フィリピンのセブ島で自転車を借りて(アウトドアツアー・ショップ プラネット・アクション)サイクリングをしました。

白砂のビーチが有名な観光地ーホワイト・ビーチに行きましたが、あいにくの曇り空で人はほとんどいませんでした。
私の他に観光客といえば、ビキニからはみ出たお肉が気になるアラフォーの白人女性4人組ぐらいでした。
地元の漁師兼海の家のおじさんと少し立ち話をして、リゾートホテルの中庭で遊んでいた犬たちを写真に撮ってから自転車が停めてある駐車場に戻りました。

CA390058
 モアルボアル ホワイトビーチ

自転車を漕ぎだしてすぐ後輪のタイヤがパンクしていることに気づきました。
悪路を来たので釘でも踏んづけたのかもしれません。
あるいはイタズラされたのかもしれません。
原因はどうあれ、パンクしていることには変わりありません。

私は自転車を引いて歩き出しました。
無理して乗ってリム(車輪)でも歪めた日には、自転車屋に預けたデポジット(保証金)の5000ペソ(当時のレートで約1万円)が返ってこない恐れがあるからです。
ビーチの入り口にいたガードのオジサンにパンクを直せるところはないか聞いたのですが、そのオジサンは現地語で何やら言いました。
言葉はわかりませんが雰囲気でわかったのはもう少し先に村があるからそこに行ってみろ、ということでした。

自転車を引いてしばらく歩いていると雨がぽつぽつと振ってきました。
ジャングルの中に小さな家々が数件見えてきたところで、雨は本降りになってきました。

CA390064
 闘鶏用の鶏を飼う家は多い

粗末な、一間しかない小さな家の窓から若い夫婦がこちらを見ているのに気づきました。
「パンクを直せるところありませんか」
身振りを交えてつたない英語で彼らにそう呼びかけると、彼らは隣の家を指さしました。
「隣?そこ?」
あまりに近くに目的地があったことを訝しく思いましたが、私はその家に近づきました。

その家はよく見ると、トロトロ(簡易食堂)になってました。
食堂と言っても普通の家の軒先で営業しているようなごく小さな店です。
テーブル席が一つと手作りのカウンター。

そのカウンターの向こうで18、9くらいの娘が店番をしていました。
「あのーパンクを直してください」
私がそう言うと、彼女は大きな声で誰かを呼びました。
彼女は何度か呼びましたが、返事はありません。
強くなった雨脚の音だけが私たちを包んでいます。

「今いないみたい。
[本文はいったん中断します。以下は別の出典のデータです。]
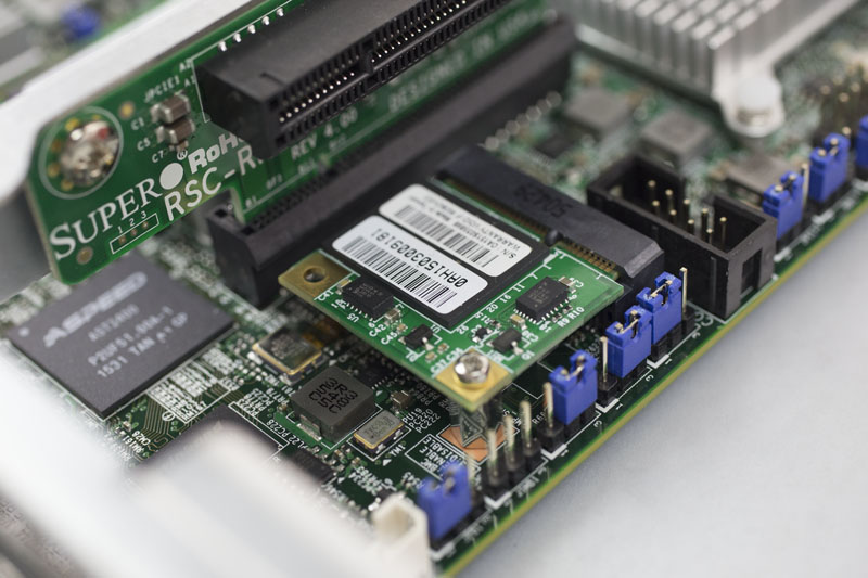 In addition to the standard PCIe slots, there is also a M.2 PCIe slot for storage. In this picture we have a Samsung SM951 512GB SSD installed in that slot. With M.2 SSDs being available for relatively low prices and with performance well above SATA SSDs, this is a welcome feature. We can also see the mPCIe slot (with mSATA support) on the motherboard. Here is what this looks like with a 64GB mSATA SSD meant for OS installations. Note that it is very low profile and one can use a 1U PCIe riser and still install components in this mPCIe slot.
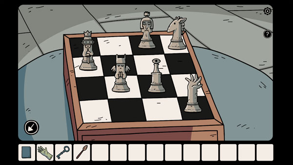 输入密码打开书柜,获得「扳手」和「棋子」。查看留言板上的卡片内容,将棋盘上的棋子摆放到正确位置(如图示)以获得「电池」。
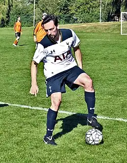 He played for Chertsey Town during the 2007–08 season and on 8 July 2008 signed for North West Counties League side Stone Dominoes.[34] He has also played celebrity football matches for charity on a few occasions[35][36] and played with members of Hollywood United while in the district for acting career purposes. He also plays for the Arsenal Ex-Pro and Celebrity XI.[37] On 6 June 2010, he participated in a Soccer Aid game for England on the left wing.
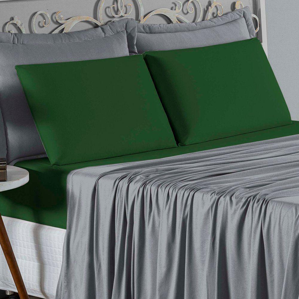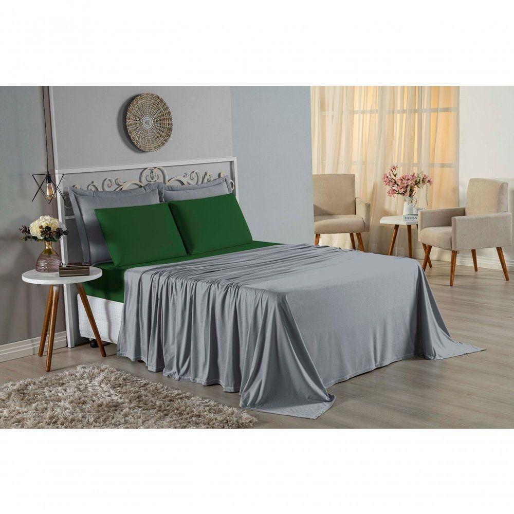 Jogo De Cama Casal Viúva Nobre 4 Peças Malha 100% Algodão - Cinza / Verde-bandeira
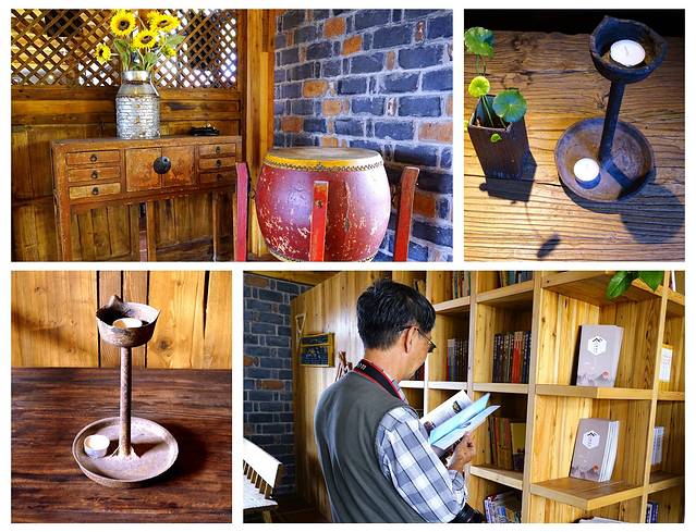 红领巾客栈是村里将废旧小学在原有的基础上改造而成,保留了学校主体建筑,增添了校园元素。让曾经有过这样一段少年先锋队队员的我们有一种久违的亲切感。门板做的桌子上几盏古老的煤油灯,一幅拾麦穗的老照片。一台老电视,一面班驳的大鼓,这些已经尘封的记忆瞬间被打开,儿时的一幕幕校园生活就这样让我沉浸其中……客栈的一角又融入了现代时尚气息,辟为乡村咖啡厅。游人可以在这里要一杯咖啡,望着街景,细细地品尝生活的记忆。
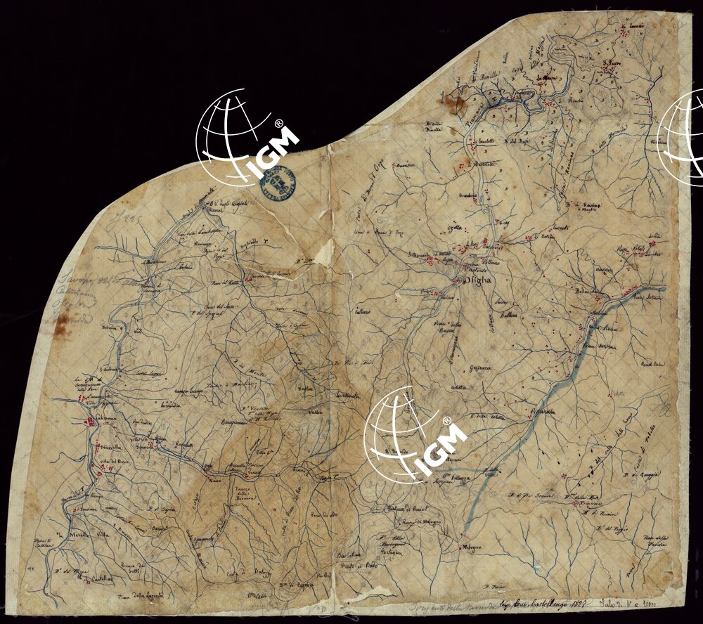 Il titolo non è presente sulla carta. Quattro minute di campagna, delle ricognizioni eseguite nel 1827 dal Cap. Cav. Castellengo nel territorio della Provincia di Savona. Quattro fogli montati su tela.

遠くには行ってないと思うけど…」
「じゃ、少し待ちます」
パンクを直せる人がいるのなら、待つ価値はあります。
それに外は雨です。
そして、ちょうどお昼時でした。
待っている間、お昼ご飯を食べることにしました。
「ここ食堂ですよね。何がありますか?」
「今日あるのは鶏レバーとナスの炒め物と魚のフライ」
「じゃあ、魚。それとビール」
「わかりました…あなた日本人?」
「そうだけど…なぜわかるの」
「その…」
彼女は少し躊躇しているようでした。
「…話し方」
「ああ」
どうやら私は日本語なまりが強い英語を話しているようです。
学生時代、テキストの新単語にカナでフリガナを振っていたツケでしょう。

私が小さなテーブルの席についていると、ほどなく彼女が食事とビールを運んできました。
食事は山盛りのごはんと15センチほどの魚のフライが一匹。
以上。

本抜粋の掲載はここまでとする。